# Tow behind fence row trimmer



## F350-6 (Mar 30, 2014)

The type that's basically an overgrown weed eater with a lawn mower engine on it made to be pulled by an ATV/UTV. Anyone got one? How well do they work or how much of a waste of money are they?

If you have one, what brand and would you buy it again?


----------



## GawasFarm (Jul 10, 2013)

neighbour hates his says it would be ok on 5acres but just not practical for his fences


----------



## rjmoses (Apr 4, 2010)

Bought a Swisher fence row mower--might be good in a few situations but I don;t like it!

First, it can't handle any tough stuff. If the fence line is already cleared, it'll do OK. If it's too tall or too thick, the Swisher just can;t handle it!

Second, the swing mechanism is poorly designed. The ground wheels are too small for anything but a smooth lawn. The spring mechanism needs to be reworked. I added a limit chain to the spring to prevent the spring from getting over-stretched.

Third, the cutting strings break pretty easily and are hard to replace.

In it's favor, the engined (Honda as I remember) starts really easy.

Just my thoughts.

Ralph


----------



## ARD Farm (Jul 12, 2012)

Seen therm advertised and I thought it appeared to be more of a suburbanite toy than a practical tool.

I just use roundup ultra or my Stihl trimmer (with a polycut head) and call it good.


----------



## F350-6 (Mar 30, 2014)

Thanks for the feedback. I've never bought one because I always figured they wouldn't work right or you'd have to stop and change the string every 10'.

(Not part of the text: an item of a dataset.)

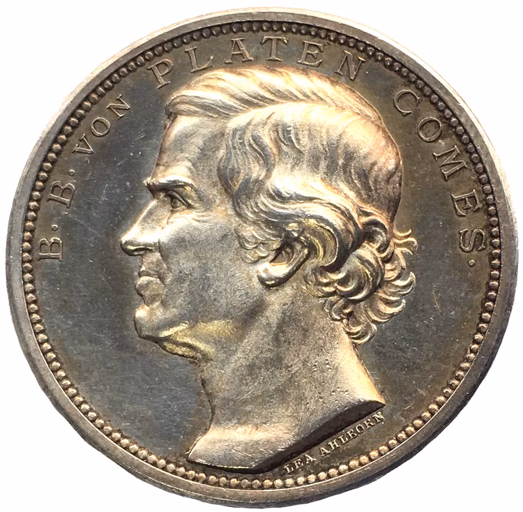 Kanalbyggaren, statsrådet, sjömilitären och riksståthållaren Baltzar von Platen är utan tvekan en av de personer som format den svenska historien. Han tillhörde den lilla inre krets som stod kungamakten nära och tog aktiv del i den svenska politiken. Dessutom genomförde han det väldigt Göta kanal-projektet. Vacker silvermedalj med frostad relief och djupt glänsande fält. Slagen 1886 av Svenska akademien. Grav. av Lea Ahlborn. Kvalitet 01, 14,45 gram. 31 mm. Ref: Hy. II, s. 81, 3; Olsén s. 296.

Since these things are still selling new, I thought maybe they worked better than I had imagined. Since I'm not getting any younger, I was thinking (hoping) maybe these really did work. I figured I'd have to modify it to accept the poly blades or have to use it every other week.

Guess I'll save my money.


----------



## ARD Farm (Jul 12, 2012)

Neither am I. If they made a mega polycut head like Stihl has on their straight shaft trimmers, that would work. Problem is, I bet the Stihl design is patented.

I've never liked string trimmers, especially after usong the Polycut head.


----------



## Orchard6 (Apr 30, 2014)

Here is what you need! It's a Perfect brand orchard mower with a bump wheel. It works great for orchard use and I bet it would work for fences too.


----------